El pepino figura entre los ingredientes naturales más valorados en la cosmética casera. Su composición, rica en agua, minerales y antioxidantes, lo convierte en una opción popular para el cuidado de la piel. El uso del tónico de pepino en la rutina facial ha sido objeto de atención debido a los beneficios que reporta en pieles propensas a manchas y con tendencia a la opacidad.
Además, posee propiedades que favorecen la microcirculación cutánea, contribuyendo a una apariencia más saludable. El pepino contiene aproximadamente un 96% de agua, lo cual garantiza una hidratación profunda de la epidermis.

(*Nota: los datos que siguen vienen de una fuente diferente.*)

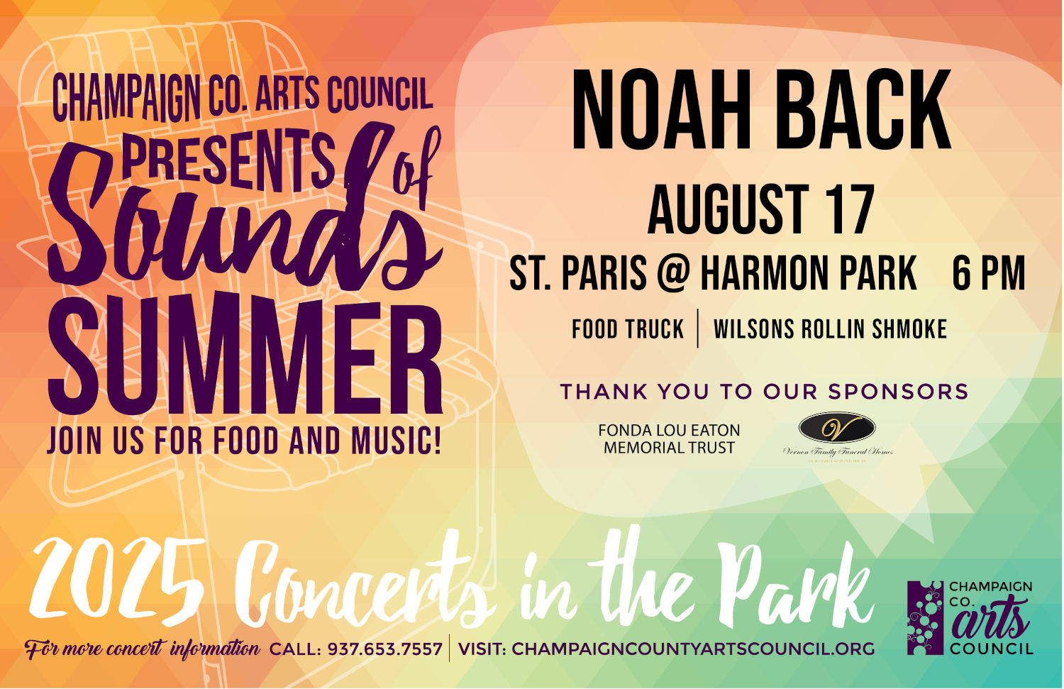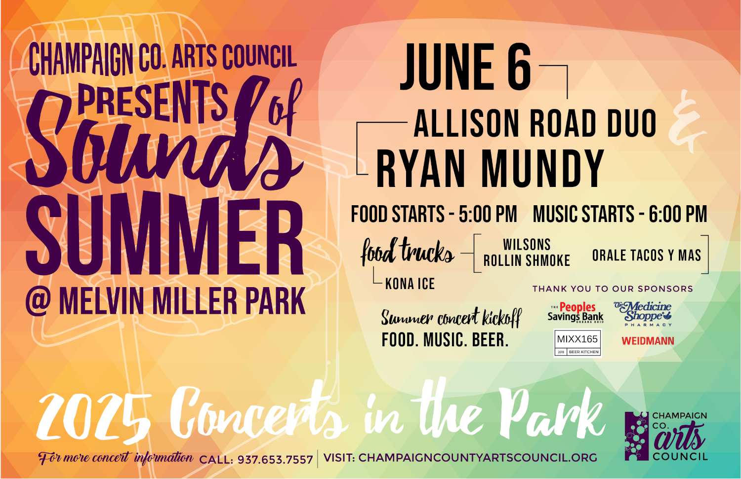 The 2025 "Sounds of Summer" series kicks off on June 6th with Allison Road Duo and Ryan Mundy at Melvin Miller Park in Urbana. On August 17th, Noah Back will perform at Harmon Park in St. Paris.

Entre sus componentes destacan la vitamina C, vitamina K, ácido fólico, potasio y antioxidantes, que actúan contra los radicales libres asociados con el envejecimiento.
La vitamina C, presente en el pepino, participa en la síntesis de colágeno, proteína fundamental para la firmeza y elasticidad de la piel. El pepino también contiene sílice, un mineral que aporta suavidad y ayuda en la reconstrucción de tejidos cutáneos.
En primer lugar, su acción sobre la hidratación favorece la renovación celular. En segundo término, los antioxidantes y la vitamina C del pepino ayudan a atenuar las manchas, homogeneizando el tono de la piel. No reemplaza tratamientos dermatológicos, pero puede complementar el cuidado diario, especialmente en pieles sensibles que no toleran productos abrasivos.